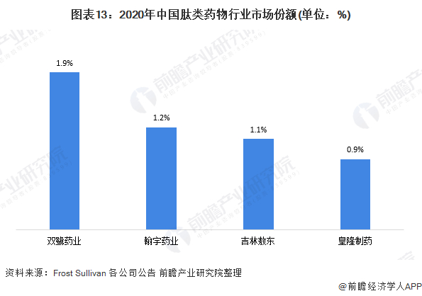 根据Frost&Sullivan的数据,2020年,我国肽类药物市场规模约为85亿美元。依据各公司企业年报所公布的数据对肽类药物行业市场份额进行测算分析,分析结果如下:2020年,双鹭药业的市场份额达到了1.91%;其次是翰宇药业,达到了1.25%;再者是吉林敖东,达到了1.1%。
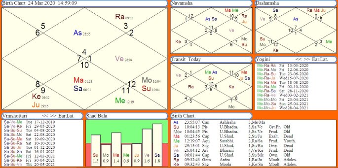 With cancer lagna rising ninth house of horoscope of beloved PM Narender Modi .Ninth house represent present punyas. With the result accumulated present punyas of this life of PM Narender Modi India will be saved from havoc of epidemic named covid -19.Cancer lagna lord moon in ninth house of dharma which will raise the spiritual values in people of india and will save them from covid-19 epidemic .Since their is no relation between sixth lord Jupiter with PAC [position aspect conjunction] with lagna lord moon so covid-19 will break down in between when sun will enter aries sign .Sixth lord represent disease and moon represent body of india in nav samavatsar 2020.See the position of d-9 navamsha with Aquarius lagna rising with Saturn own house in lagna shows the strong will of king PM Narender Modi to get india out of this problem.In Nav Samvatsar 2020 shows affliction to lagna lord moon through sun and aspect of Saturn from seventh house .Aspect of Saturn and Mars on lagna indicate panic to public whole year .
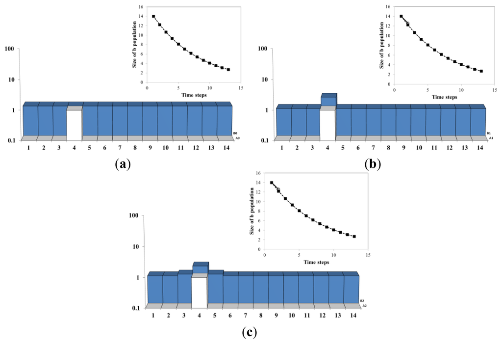 Figure 1 illustrates the evolution of the population in the universe as expressed by the dynamics Equations (2)–(6).
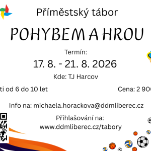 Chcete zajistit svým dětem během prázdnin zajímavý a zábavný program plný pohybu? Máme pro Vás příměstský tábor „Všehochuť“, na kterém si děti vyzkouší od každého něco. Různé sportovní aktivity, hry, výtvarka… a k tomu výlety po krásných místech Liberce a okolí. Užijeme si spolu krásný týden, plný nových přátelství.
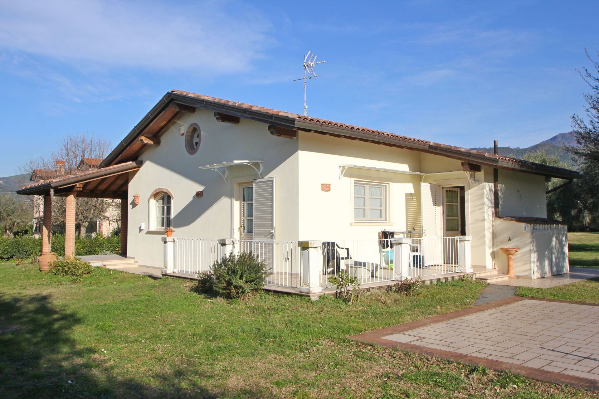 The holiday home in Querceta is located on the same property as the owners who live in the neighboring house. You will have a private automatic gate which leads you to the house where you can park your car. The garden, on 4 sides, is private but not fenced. Behind the house there is a small vegetable garden managed by the owners.

WORK ORDER:
Write the entries above out again exactly, omitting each image.

ANSWER BOX:
 根据Frost&Sullivan的数据,2020年,我国肽类药物市场规模约为85亿美元。依据各公司企业年报所公布的数据对肽类药物行业市场份额进行测算分析,分析结果如下:2020年,双鹭药业的市场份额达到了1.91%;其次是翰宇药业,达到了1.25%;再者是吉林敖东,达到了1.1%。
 With cancer lagna rising ninth house of horoscope of beloved PM Narender Modi .Ninth house represent present punyas. With the result accumulated present punyas of this life of PM Narender Modi India will be saved from havoc of epidemic named covid -19.Cancer lagna lord moon in ninth house of dharma which will raise the spiritual values in people of india and will save them from covid-19 epidemic .Since their is no relation between sixth lord Jupiter with PAC [position aspect conjunction] with lagna lord moon so covid-19 will break down in between when sun will enter aries sign .Sixth lord represent disease and moon represent body of india in nav samavatsar 2020.See the position of d-9 navamsha with Aquarius lagna rising with Saturn own house in lagna shows the strong will of king PM Narender Modi to get india out of this problem.In Nav Samvatsar 2020 shows affliction to lagna lord moon through sun and aspect of Saturn from seventh house .Aspect of Saturn and Mars on lagna indicate panic to public whole year .
 Figure 1 illustrates the evolution of the population in the universe as expressed by the dynamics Equations (2)–(6).
 Chcete zajistit svým dětem během prázdnin zajímavý a zábavný program plný pohybu? Máme pro Vás příměstský tábor „Všehochuť“, na kterém si děti vyzkouší od každého něco. Různé sportovní aktivity, hry, výtvarka… a k tomu výlety po krásných místech Liberce a okolí. Užijeme si spolu krásný týden, plný nových přátelství.
 The holiday home in Querceta is located on the same property as the owners who live in the neighboring house. You will have a private automatic gate which leads you to the house where you can park your car. The garden, on 4 sides, is private but not fenced. Behind the house there is a small vegetable garden managed by the owners.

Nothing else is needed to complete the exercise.